__Stored data__
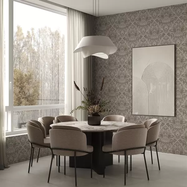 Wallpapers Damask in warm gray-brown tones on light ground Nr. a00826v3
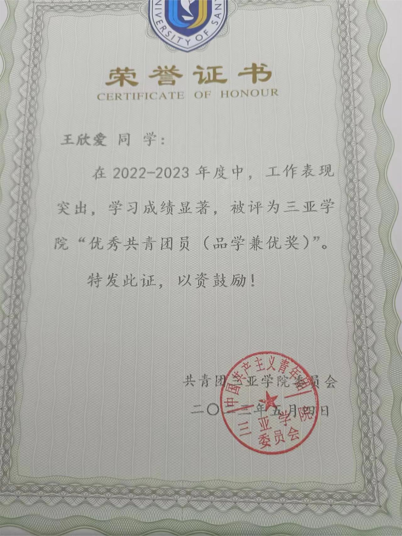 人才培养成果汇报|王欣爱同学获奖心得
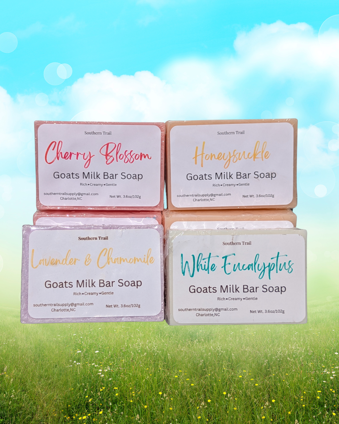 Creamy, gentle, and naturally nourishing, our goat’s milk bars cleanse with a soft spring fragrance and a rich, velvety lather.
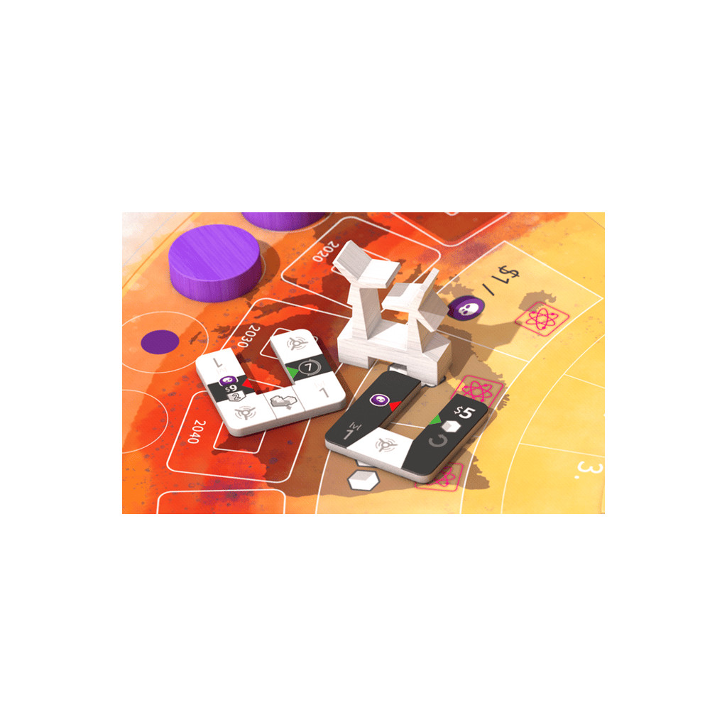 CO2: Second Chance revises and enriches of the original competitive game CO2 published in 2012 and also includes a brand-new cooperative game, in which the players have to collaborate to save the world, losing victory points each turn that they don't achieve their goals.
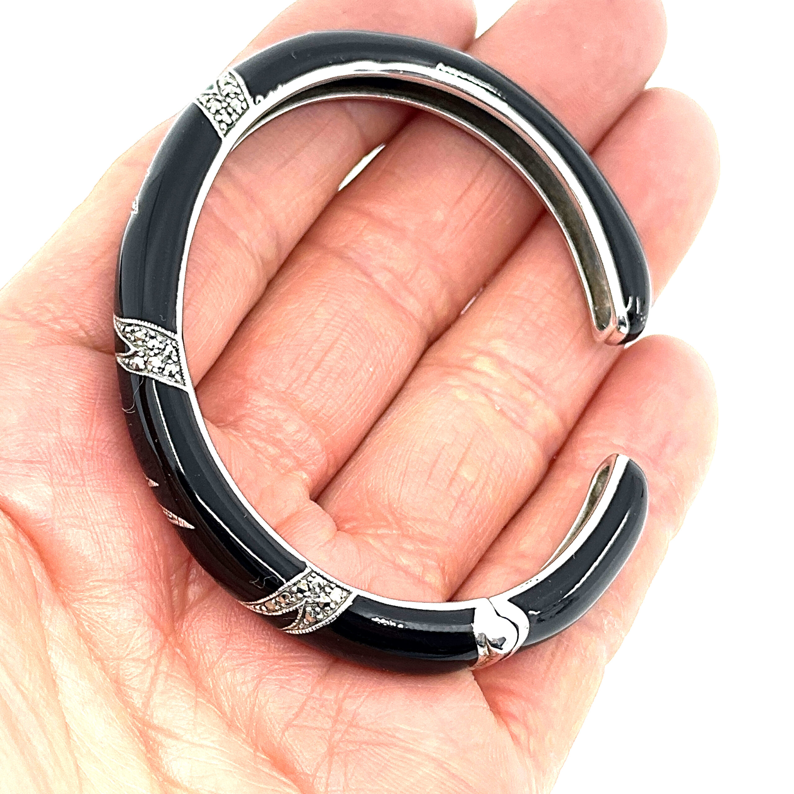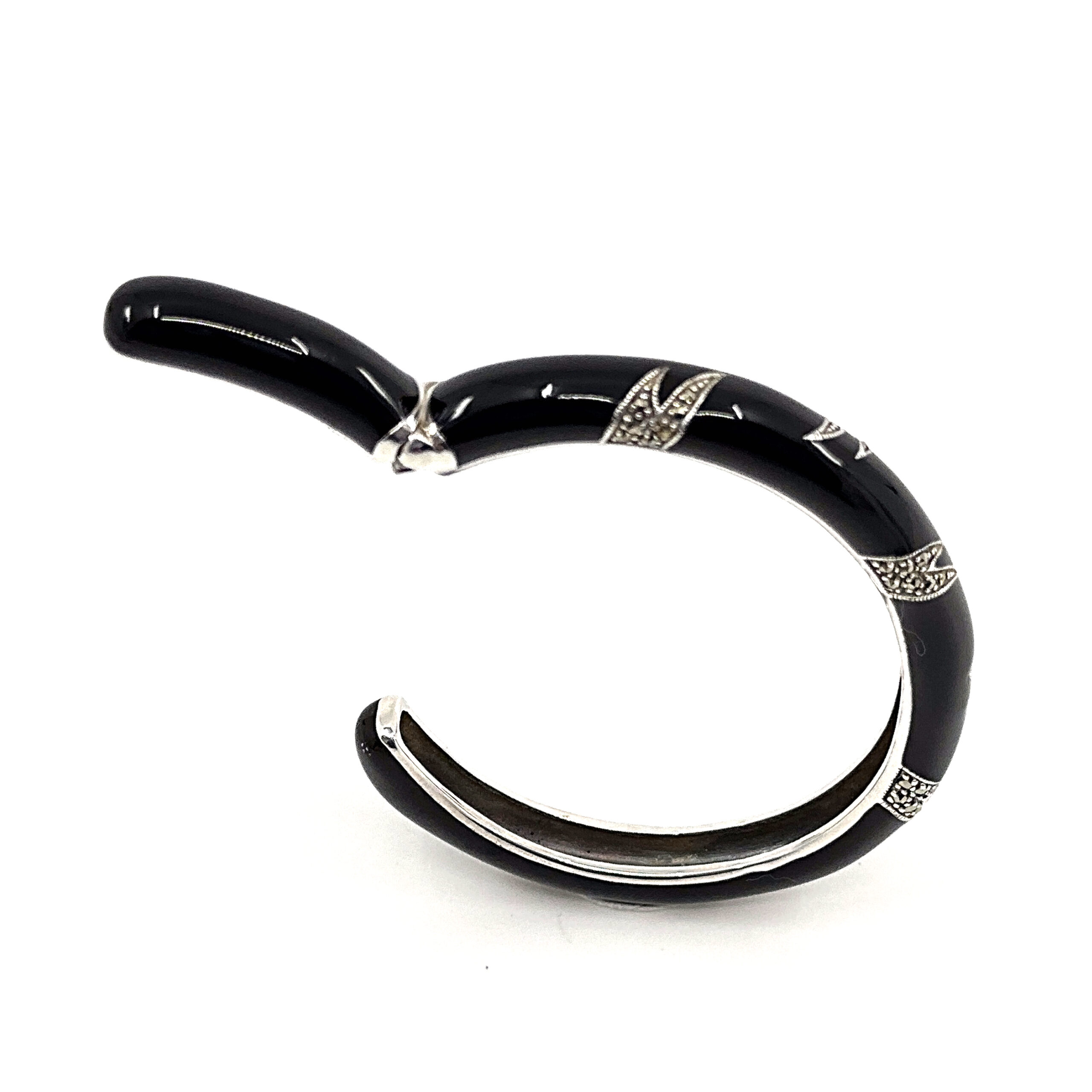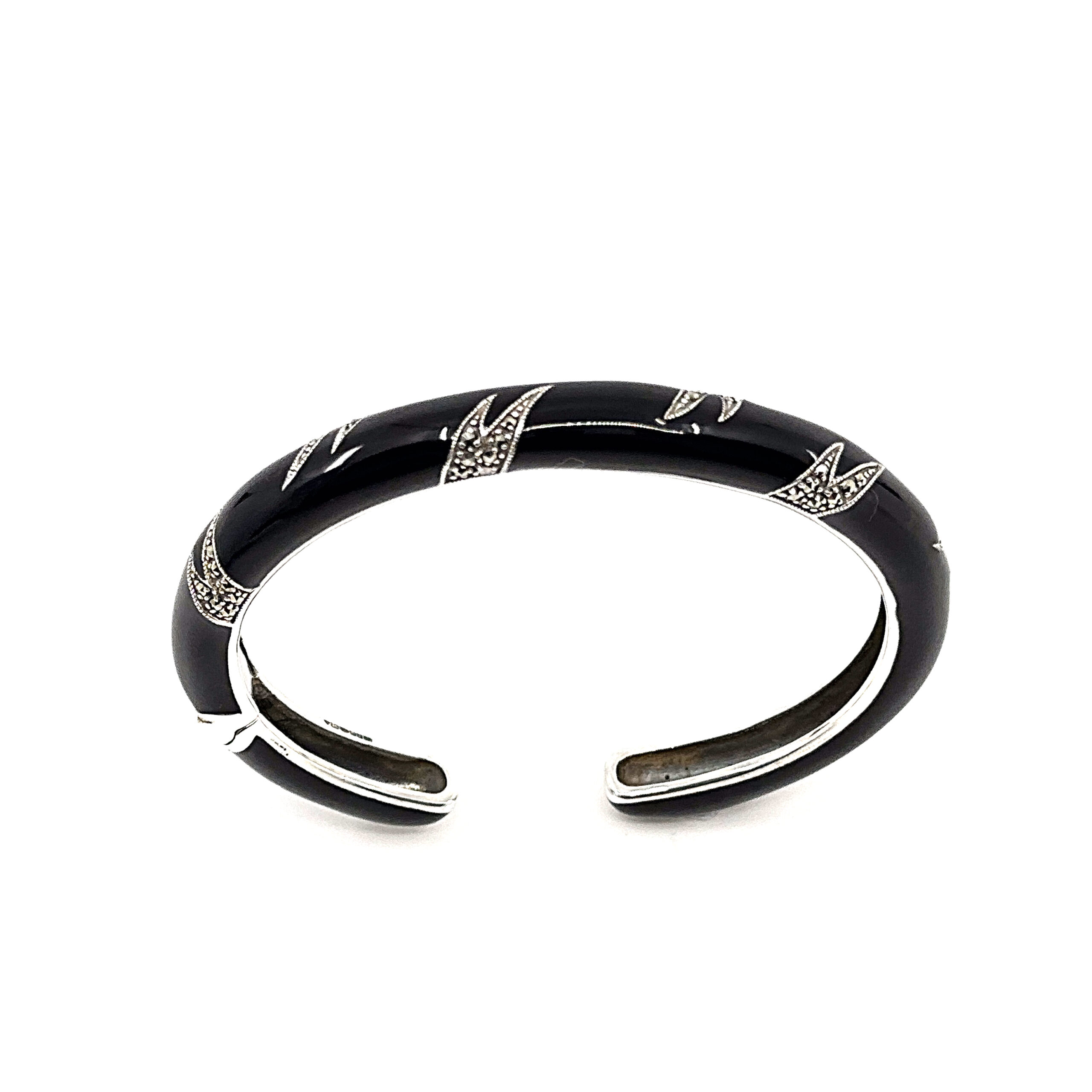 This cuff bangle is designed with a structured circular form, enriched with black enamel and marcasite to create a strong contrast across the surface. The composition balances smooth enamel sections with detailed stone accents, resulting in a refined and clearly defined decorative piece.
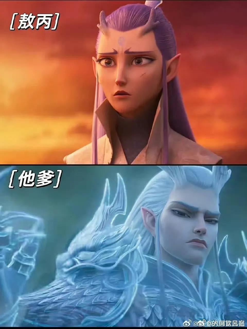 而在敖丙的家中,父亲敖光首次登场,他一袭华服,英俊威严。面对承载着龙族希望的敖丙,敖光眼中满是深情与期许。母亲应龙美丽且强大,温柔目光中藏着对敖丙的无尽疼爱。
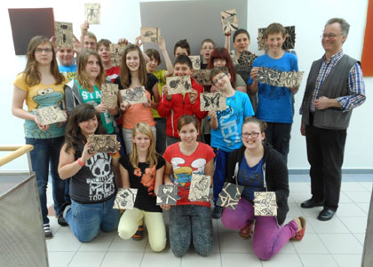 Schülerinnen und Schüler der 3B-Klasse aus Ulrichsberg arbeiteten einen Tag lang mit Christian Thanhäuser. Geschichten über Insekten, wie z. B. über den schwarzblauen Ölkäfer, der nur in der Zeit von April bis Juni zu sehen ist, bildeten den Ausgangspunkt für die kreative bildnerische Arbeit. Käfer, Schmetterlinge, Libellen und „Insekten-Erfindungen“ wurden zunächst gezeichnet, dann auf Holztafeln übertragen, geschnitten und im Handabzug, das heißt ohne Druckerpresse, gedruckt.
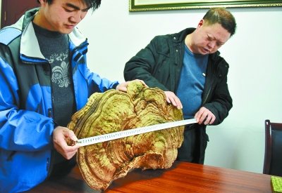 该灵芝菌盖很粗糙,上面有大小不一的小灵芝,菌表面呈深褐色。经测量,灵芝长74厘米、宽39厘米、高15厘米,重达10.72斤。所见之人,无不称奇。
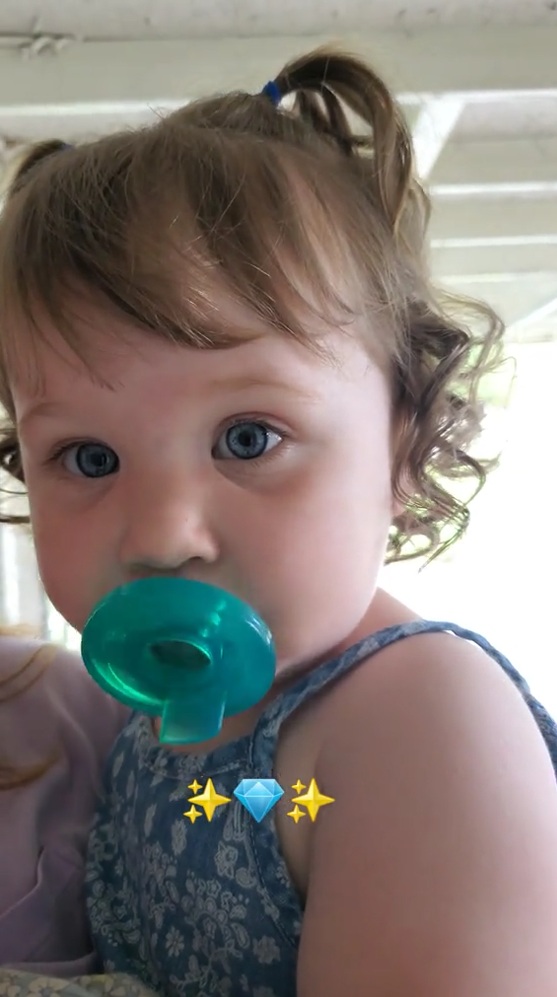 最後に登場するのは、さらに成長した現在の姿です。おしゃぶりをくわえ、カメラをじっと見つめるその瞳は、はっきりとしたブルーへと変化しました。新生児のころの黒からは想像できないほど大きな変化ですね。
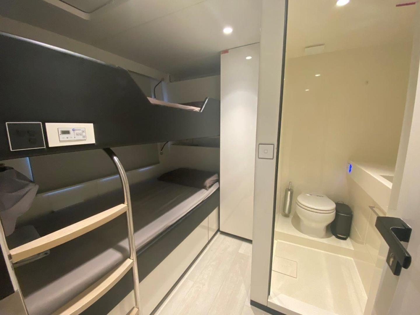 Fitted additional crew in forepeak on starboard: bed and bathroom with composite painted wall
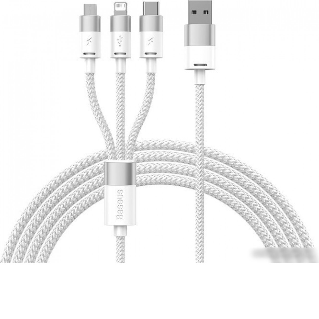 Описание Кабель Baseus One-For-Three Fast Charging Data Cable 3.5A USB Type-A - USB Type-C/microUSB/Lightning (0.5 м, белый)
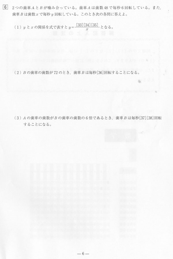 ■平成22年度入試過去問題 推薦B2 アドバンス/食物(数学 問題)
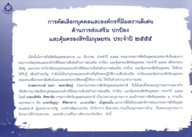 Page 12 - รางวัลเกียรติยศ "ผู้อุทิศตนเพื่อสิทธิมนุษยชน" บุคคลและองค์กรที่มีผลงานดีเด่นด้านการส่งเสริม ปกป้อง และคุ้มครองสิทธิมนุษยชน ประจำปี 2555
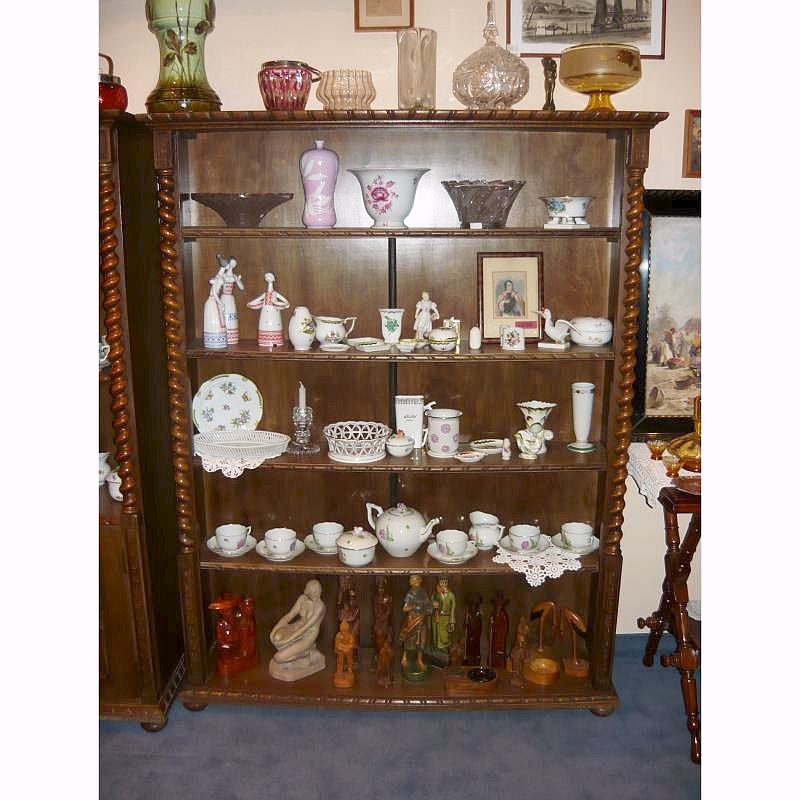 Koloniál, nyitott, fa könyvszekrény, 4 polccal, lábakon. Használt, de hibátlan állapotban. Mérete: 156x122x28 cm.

__Work task__
Nothing but the lines from the line containing "Описание Кабель Baseus" through the last line of the material may be output, and they must be copied exactly, without pictures.

__Solution to the exercise__
 Описание Кабель Baseus One-For-Three Fast Charging Data Cable 3.5A USB Type-A - USB Type-C/microUSB/Lightning (0.5 м, белый)
 ■平成22年度入試過去問題 推薦B2 アドバンス/食物(数学 問題)
 Page 12 - รางวัลเกียรติยศ "ผู้อุทิศตนเพื่อสิทธิมนุษยชน" บุคคลและองค์กรที่มีผลงานดีเด่นด้านการส่งเสริม ปกป้อง และคุ้มครองสิทธิมนุษยชน ประจำปี 2555
 Koloniál, nyitott, fa könyvszekrény, 4 polccal, lábakon. Használt, de hibátlan állapotban. Mérete: 156x122x28 cm.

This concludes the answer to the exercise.